# Mitsuaki-T* Preview



## JBroida (Jun 15, 2011)

New paper knives in... some of them will be going up on the website soon... here's a link to a gallery where you can see the pictures
Mitsuaki T* Paper Knives June 2011

You can also see them on our facebook page here
Japanese Knife Imports on Facebook

These new ones will be going for $138


----------



## Andrew H (Jun 16, 2011)

Those look awesome, I like that there are lots of different styles.


----------



## JBroida (Jun 16, 2011)

Hey guys...still haven't had time to put them up, but I miscalculated the price...its going to be $115, not $138... Sorry,about the misquote... But lower is better, right?


----------



## Potato42 (Jun 16, 2011)

JBroida said:


> Hey guys...still haven't had time to put them up, but I miscalculated the price...its going to be $115, not $138... Sorry,about the misquote... But lower is better, right?


 
I demand you charge me $138!

Seriously though, what's a "paper knife"? Letter opener?

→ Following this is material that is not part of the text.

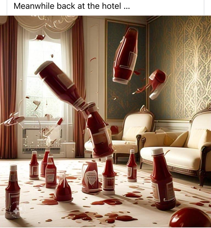 (2,926 posts)whoever assigned the rooms for TSF's delegation better have had a list of rooms due for redecoration so they can start the contract right away. (I don't think Jackson Pollock knock-offs in ketchup is particularly hygienic nor what they're going for, esthetically, so better to contribute to the economy by getting a remodel.)
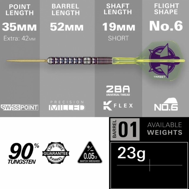 Denne spesialutgaven er basert på Lukes velprøvde Target-design og er utviklet for maksimal presisjon, kontroll og ytelse. Barrelene er presisjonsfrest og utstyrt med Targets Pixel Grip-teknologi, som gir overlegent grep og stabil release. Den slanke 6,5 mm profilen gjør det enklere å samle pilene tett i treblesonen og oppnå høyere scoring.

They look cool and I can appreciate all the different styles you have.


----------



## DwarvenChef (Jun 16, 2011)

Great looking little beasties  

I really can't wait to find a real job


----------



## JBroida (Jun 16, 2011)

Something like a letter opener/craft knife... Plus, having one instantly makes you a cooler person


----------



## Eamon Burke (Jun 16, 2011)

Really? Not this?
[video=youtube;2W8bYWofdVo]http://www.youtube.com/watch?v=2W8bYWofdVo[/video]


----------



## SpikeC (Jun 16, 2011)

Cool!


----------



## Potato42 (Jun 16, 2011)

JBroida said:


> ... Plus, having one instantly makes you a cooler person


 
Naturally!


----------



## JBroida (Jun 16, 2011)

That kids knives are so much cooler than ours


----------



## WildBoar (Jun 16, 2011)

Jon, when do you think these will go on sale?


----------



## JBroida (Jun 16, 2011)

As soon as I have some free time, I will put them up...right now I'm at the store getting internet and phone setup


----------



## WildBoar (Jun 16, 2011)

JBroida said:


> As soon as I have some free time, I will put them up...right now I'm at the store getting internet and phone setup


Seems like you got the internet connection working okay :lol2:


----------



## JBroida (Jun 16, 2011)

Working from the cell phone for now


----------